We've decided to pick up some Ralph Vaughan Williams at the library (there are about 500 catalogue listings), and stop by the pastisery in the same block for something small and expensive and exquisite. I finally got my honorarium for the back study I did. I'd apparently screwed up the address, then someone else screwed up the apartment number that I had gotten right, and it got sent back to the U, who managed to get the right address with the wrong apartment number still attached, but our postal carrier got it in the right slot, so all is well. I'd forgotten how much it was, and I hadn't expected $75, so quite a windfall. Plenty for a pistachio tart, chocolate tiramisu, or eclair and some almond cookies.

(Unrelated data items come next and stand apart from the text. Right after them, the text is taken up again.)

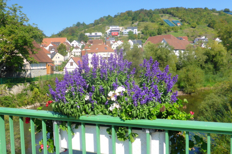 Hier kommt plötzlich Norbert von hinten. Nanu, ich dachte, er wäre weit vor mir. Obwohl ich gleich loslaufe, hat er mich bald wieder eingeholt und läuft locker an mir vorbei. Für uns geht es nun wieder bergauf, bevor wir Niedernhall erreichen. Der Kocherschleife oberhalb folgend, ist Norbert plötzlich verschwunden. Aha, hier geht es steil bergab, deshalb habe ich ihn aus den Augen verloren. Schnell erreiche ich Weißbach. Ich laufe an der schönen evangelischen Kirche rechts mitten durch den Ort, km 17. Es erfordert Konzentration um die Streckenmarkierungen rechtzeitig zu sehen und Zusatzmeter zu vermeiden.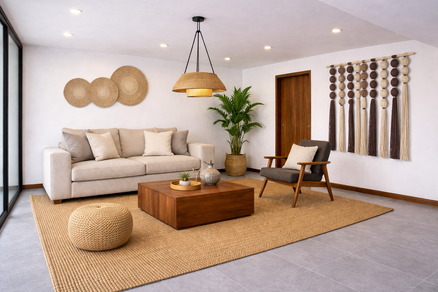 This project was designed to create a rental-friendly apartment that balances organic warmth, modern sophistication, and budget-conscious choices. Inspired by the essence of Tulum, the concept embraces natural textures, soft tones, and simple lines to offer a serene and elevated atmosphere.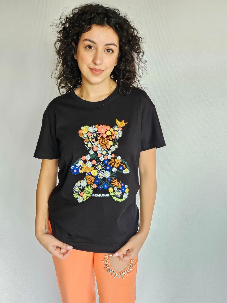 Black T-Shirt with 3D Flowers (Out Of Stock)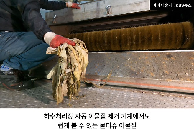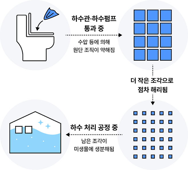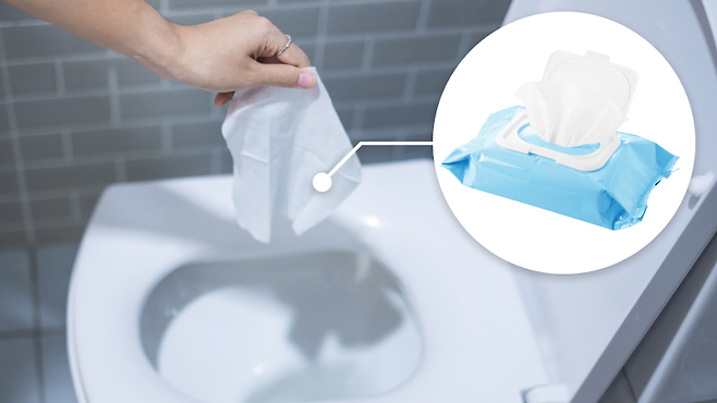 변기에 무심코 버린 물티슈는 분해되지 않고 하수도 필터에 걸려 사람이 일일이 건져 처리해야 하기 때문입니다.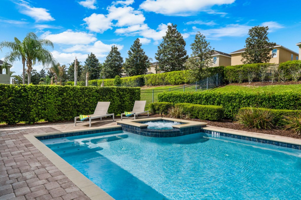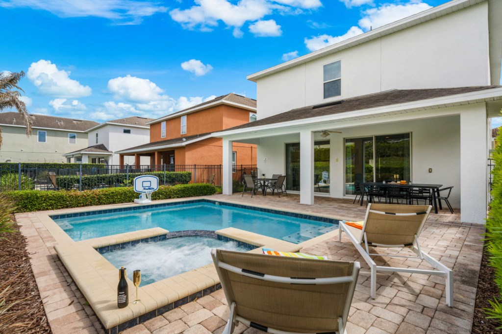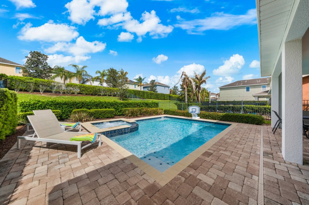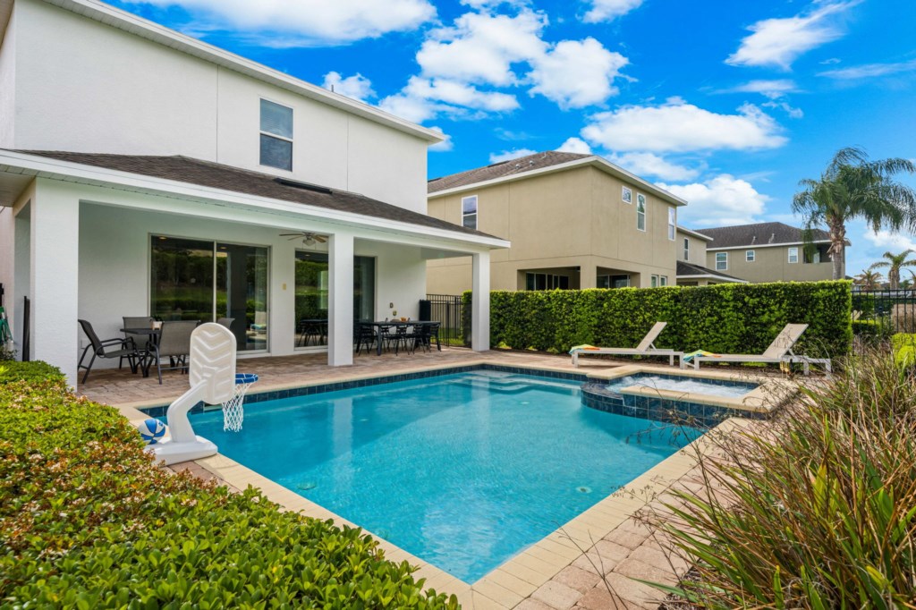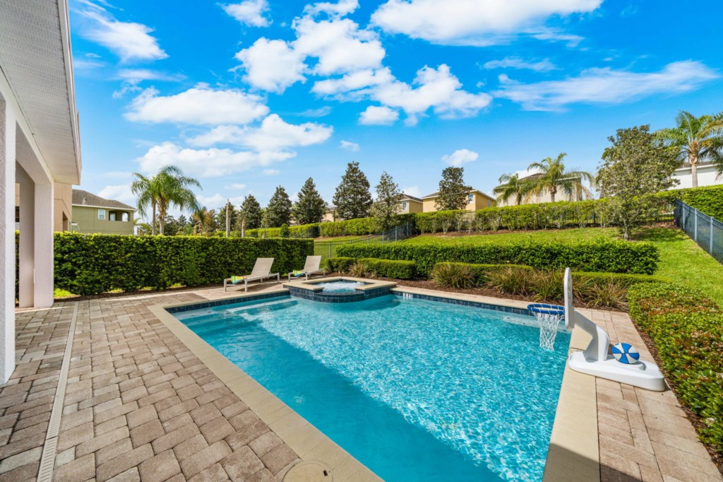 • Private pool with spillover spa (heat charge is optional), surrounded by a pool deck with lounge chairs and pool basketball hoop.

Wednesday, October 01, 2008

Zero


Work provided a grilled lunch today, hot-dogs and burgers in the back parking lot. I was able to go, and my physical therapist, who after all works upstairs at the same facility, was right behind me. Very happy to report a quantum leap improvement, (she asked) and show her how I had my stim in my pouch, which keeps it in place as well as protected from, well, fluids in my job. I'll see her tomorrow for more stretching and whatever else she has in store. It's good to know what 0/10 pain actually means, if not all the time, at least it's a new baseline. I've been much more cheerful and energetic -for me. Even after a few 12 hour days at work. Keeping my head above water.

Listening to more Shawn Colvin lately, and Lucy reminded me of one called Diamond in the Rough - which I then had to look up on utubes.

AND, actually practicing the Uke this week, up to three passable cords, so D says I can now play eight bar blues. It's a start.